At a Gainesville School Board meeting on February 3, 1925, Dr. C. R. Johnson, board member announced that J. D. Leeper would donate "sufficient funds to erect a handsome and substantial stadium on the High School Athletic Grounds." Leeper's offer was enthusiastically accepted by a unanimous board vote of Dr. Johnson, J. H. Johnson, C. E. Marshall, J. A. Atchison, and L. W. Kuser.
James D. Leeper and his brother Graves founded Leeper Brothers Lumber Company in the late 1800s. The Gainesville lumber company was located on Chestnut Street in downtown, but this successful lumber company also had locations in Bowie, Denison, Decatur, and Oklahoma. Leeper was also a co-founder of Hesperian Building and Savings Association. His wife Nettie was a founder of the XLI Club, a women's literary and cultural club patterned after a similar club in Denison. It was a long-time promoter of cultural activities in Gainesville.
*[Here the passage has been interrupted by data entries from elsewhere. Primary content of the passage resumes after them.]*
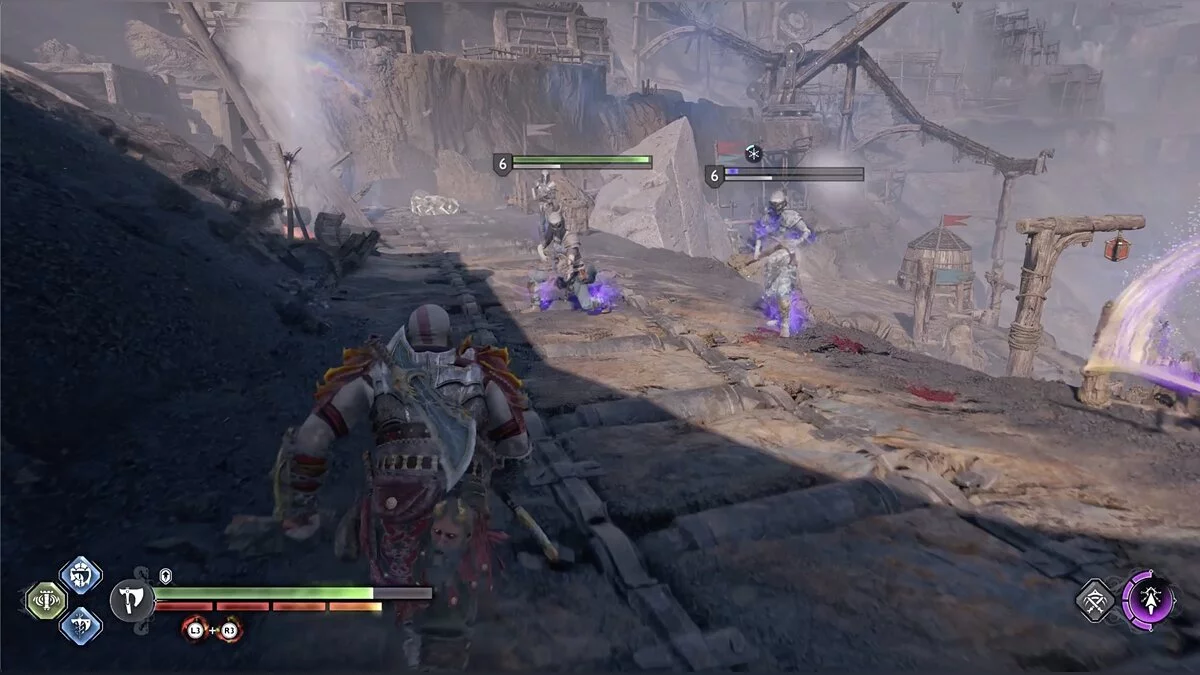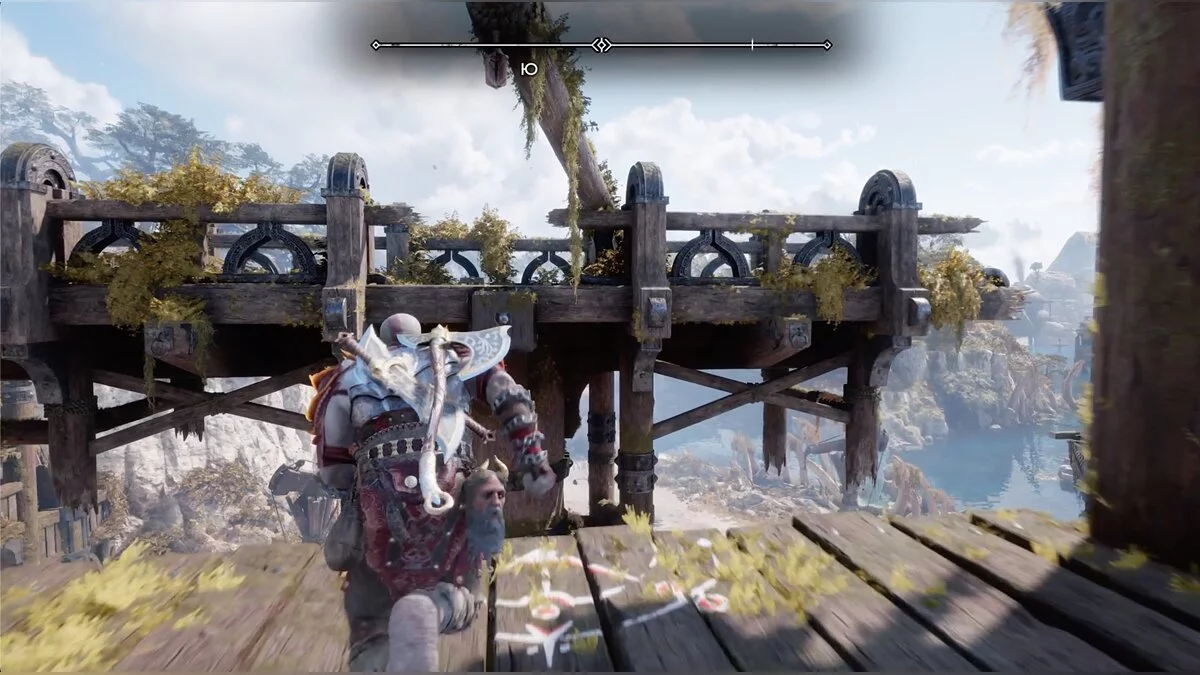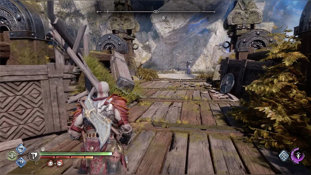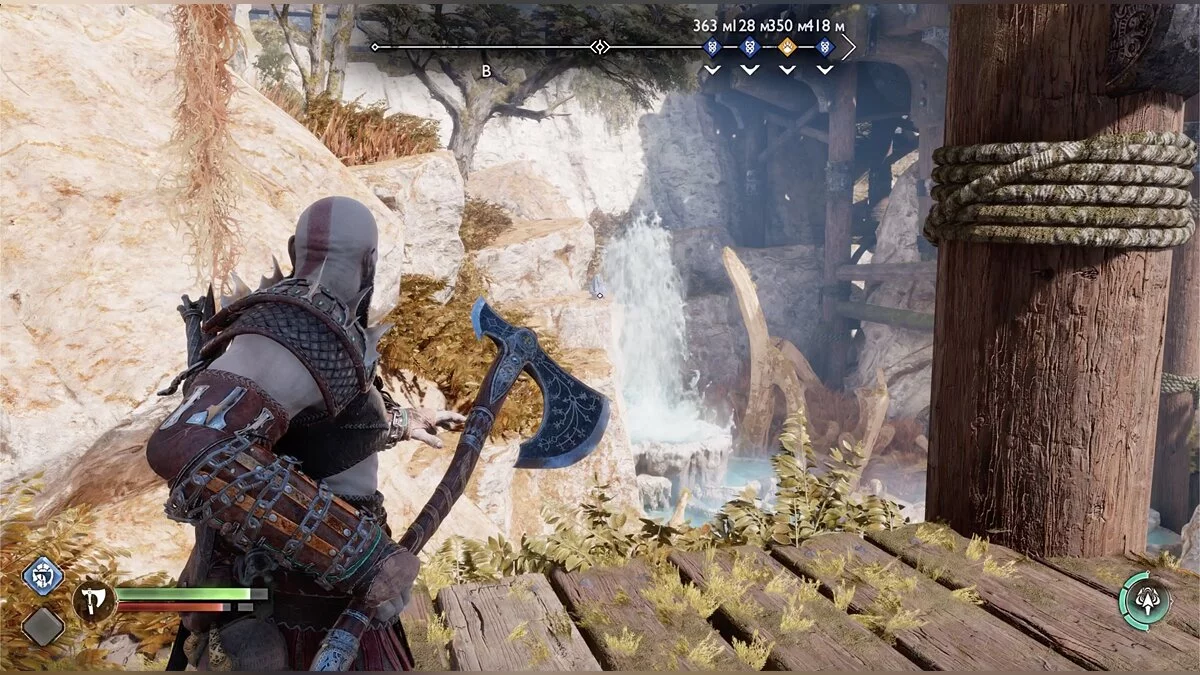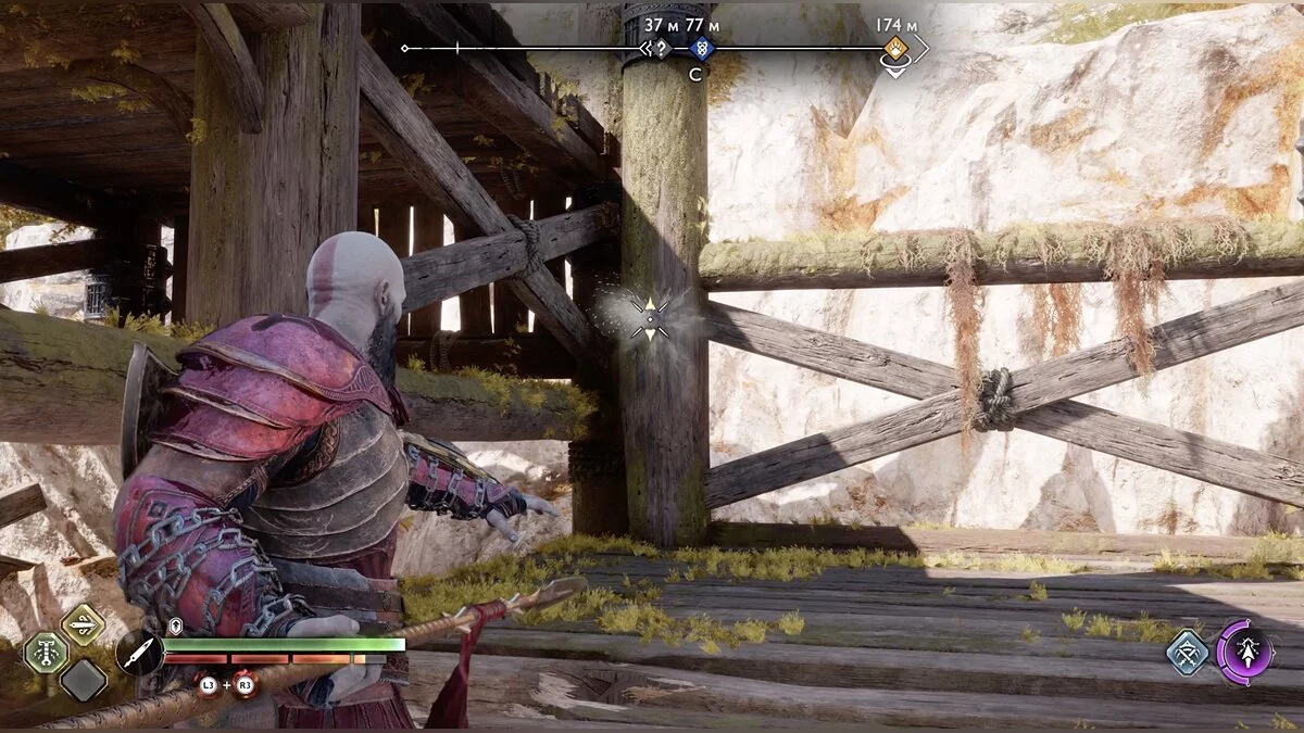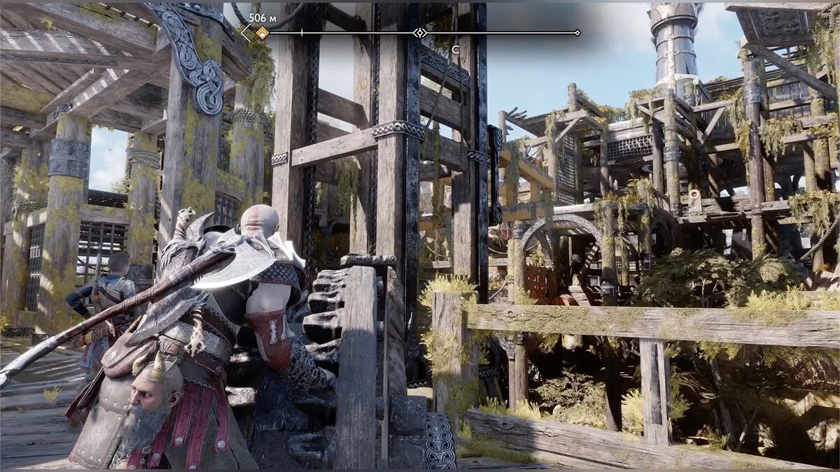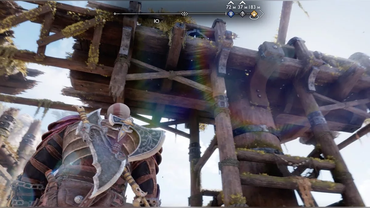 Теперь заберитесь наверх к колесу, и используйте его, чтобы поднять сцепку для клинков. Перепрыгните на другую сторону и лезьте по доскам наверх к буровой установке. После боя вы выполните просьбу «На службе Асгарду», однако это не все доступные побочные миссии в этой локации.
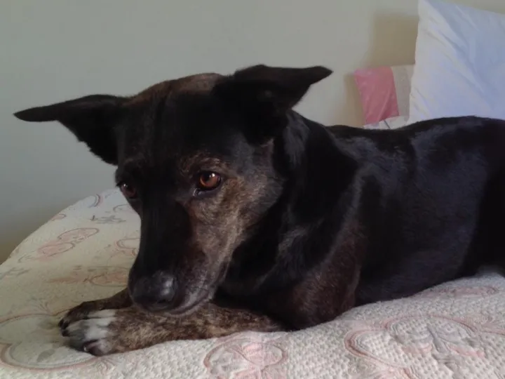 Encontrada no bairro Floresta, Zona leste de BH no dia 10/05/2017. Estava com uma carinha de pedindo socorro de tanta sede e fome. Com certeza tinha dono, porque é acostumada a não fazer xixi nem cocô dentro de casa, entende o que é passear, gosta de entrar debaixo da cama. Coloquei ela aqui no meu apartamento provisoriamente.
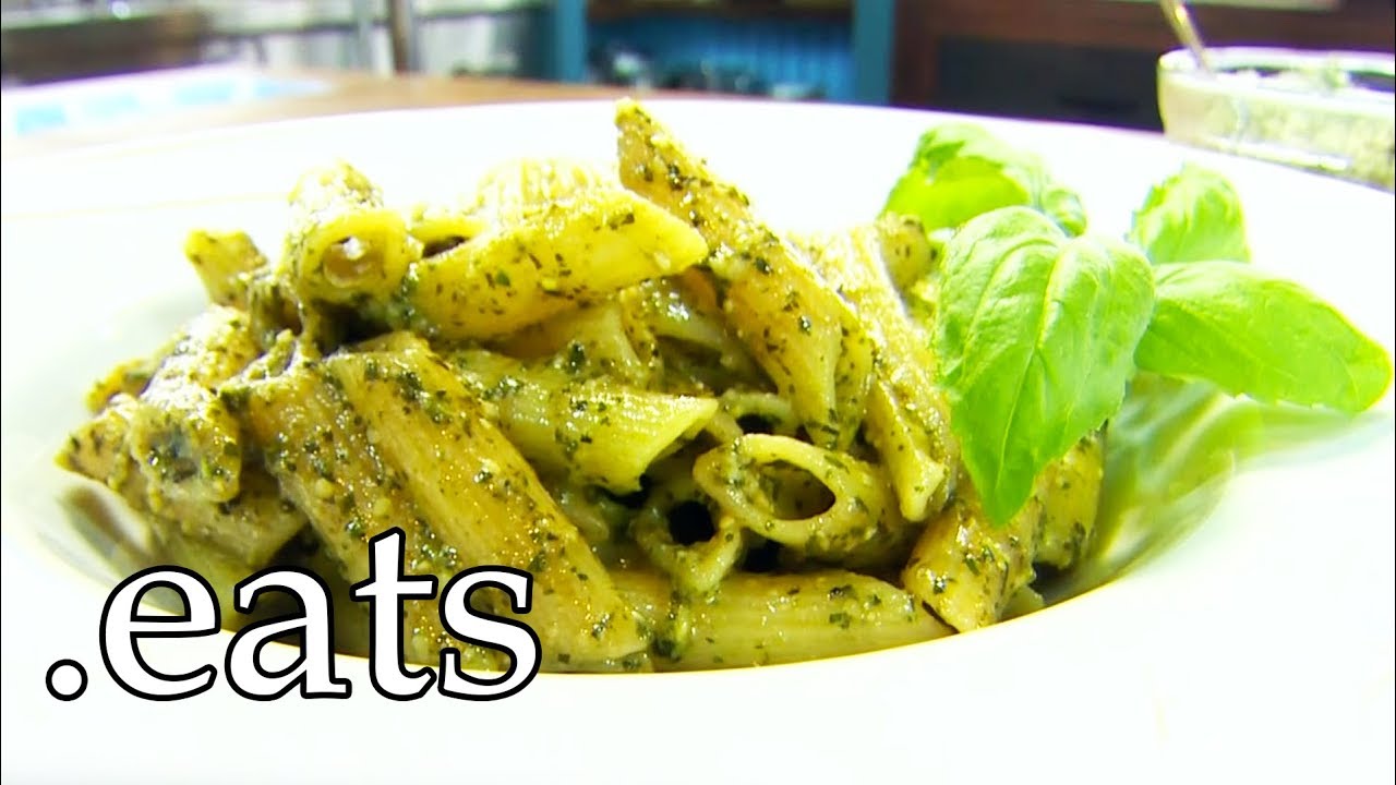 As simple as simple can be! Penne pasta coated in freshly made basil pesto – serve and share! And if you’ve gotten hungry just by watching this video, try out the recipe below and let us know how it tasted!
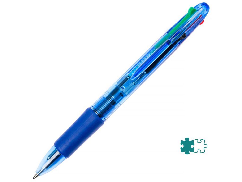 Jednorazové 4‑farebné pero so stláčacím mechanizmom a klipom s gumenou úchytovou zónou.Dodatočné parametre
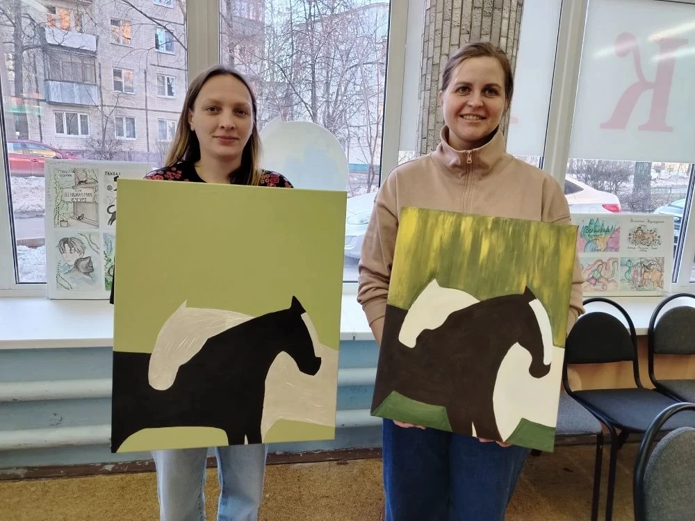 В библиотеке в уютной атмосфере нашего мастер-класса по акриловой живописи на холсте взрослые участники создали трогательную картину: две лошади обнимаются на зелёном фоне! Лаконичный силуэт чёрной и белой лошадей передаёт глубокую душевность образа. Посмотрите на результат! Обнимающиеся лошади – это мощный символ верной дружбы, взаимной поддержки и гармонии в отношениях, напоминая, что настоящая сила рождается в единстве сердец. В поучительном смысле этот образ учит нас: в мире спешки и одиночества стоит помнить о близких, обнимая их душой, как эти грациозные создания, – так мы обретаем внутренний покой и радость. Пусть эта картина вдохновит вас на тёплые объятия с родными!
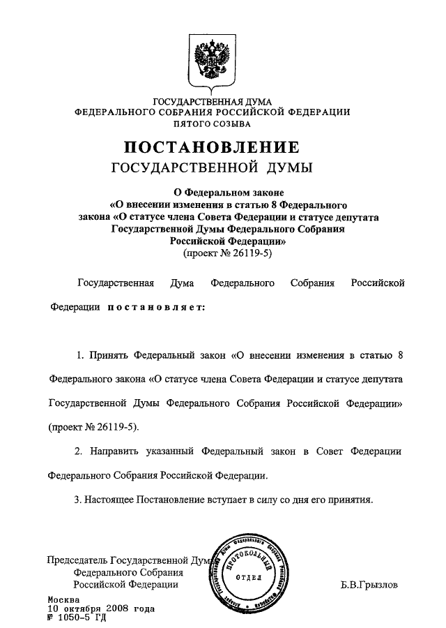 ПОСТАНОВЛЕНИЕ ГД ФС РФ от 10.10.2008 N 1050-5 ГД
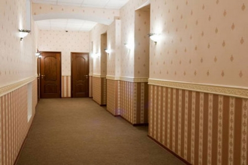 Как поклеить прихожую двумя видами обоев. Здесь принято использовать горизонтальный способ, когда нижняя часть стены оклеивается более темными обоями, а граница разделена декоративным бордюром.
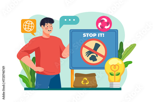Illustration of Man Promoting Stop Littering Message with Red Shirt Blue Sign Yellow Lightbulb and Globe Icon for Environmental Awareness Campaign
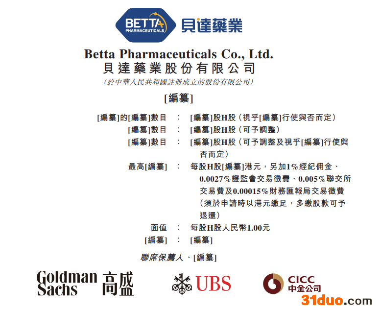 财联社(上海,编辑 周新旸)讯,已在创业板上市的贝达药业(300558.SZ)在12月2日再次向港交所递交招股申请,高盛、UBS和中金为其主承销商。早在5月30日,贝达药业已经通过港交所聆讯,但之后IPO审核状态被标注为“失效”。
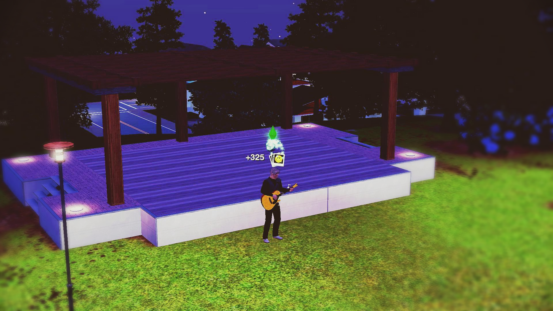 무대 앞에서 기타를 친다!
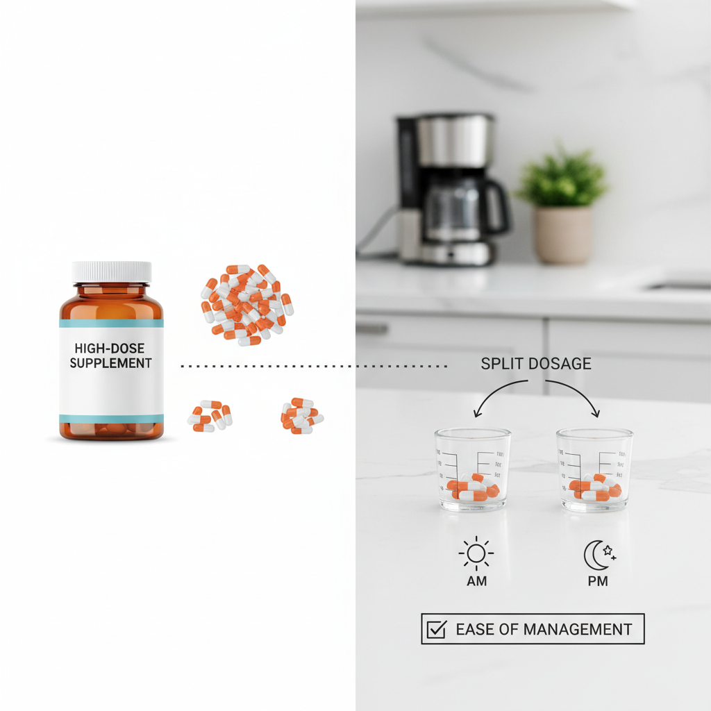 • 고용량 분할 섭취: 한 번에 많이 먹기보다 나누어 먹으면 부담이 적습니다.
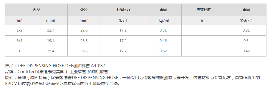 柴油廢氣分解流體(DEF:含32.5%高純度尿素去離子水用來分解氮的液體)是選擇性催化還原系統(tǒng)關(guān)鍵的成分之一,這種系統(tǒng)可以讓柴油車滿足自2010.1.1號生效的嚴厲的排放法規(guī)。DEF是種液體,可以作為一種催化劑加在燃油廢氣中將含有Nox煙霧轉(zhuǎn)化成無害的氮和水蒸氣。DEF加油機管是一種專門為傳輸高純度液態(tài)尿素開發(fā),內(nèi)管材料為專有配方,具有低析出的EPDM和過氧化物硫化從而保證具有析出等級減少污染。柔軟的構(gòu)造可以提供使用和盤卷應(yīng)用。具有導(dǎo)靜電的鋼絲也可提供。

The new stadium was promptly built. The Gainesville Register pronounced it "one of the finest high school athletic fields in the state," although it featured a grandstand only on the east side of the field." An ornamental fence surrounded the stadium. A high school athletic council would raise money for lights in 1932.
The dedication of the stadium occurred on the afternoon of Friday, October 9, 1925, during the Cooke County Fair, and prior to the kickoff of the inaugural football game between the Gainesville maroon and white Leopards and the Cleburne Yellow Jackets.The dedication ceremonies featured the thirty-piece Gainesville High School Band. Dr. C. R. Johnson presided over the ceremonies in which J. D. Leeper presented his stadium to the City of Gainesville and Gainesville school system. Back then Gainesville schools were operated by the city. The school board was appointed by the city council, and Leeper Stadium was on land owned by the city. Mayor J. Z. Keel accepted the stadium on behalf of the city. Superintendent of Gainesville schools and President of Gainesville Junior College accepted the stadium on behalf of the school system. H. O. McCain, high school principal, accepted on behalf of the high school.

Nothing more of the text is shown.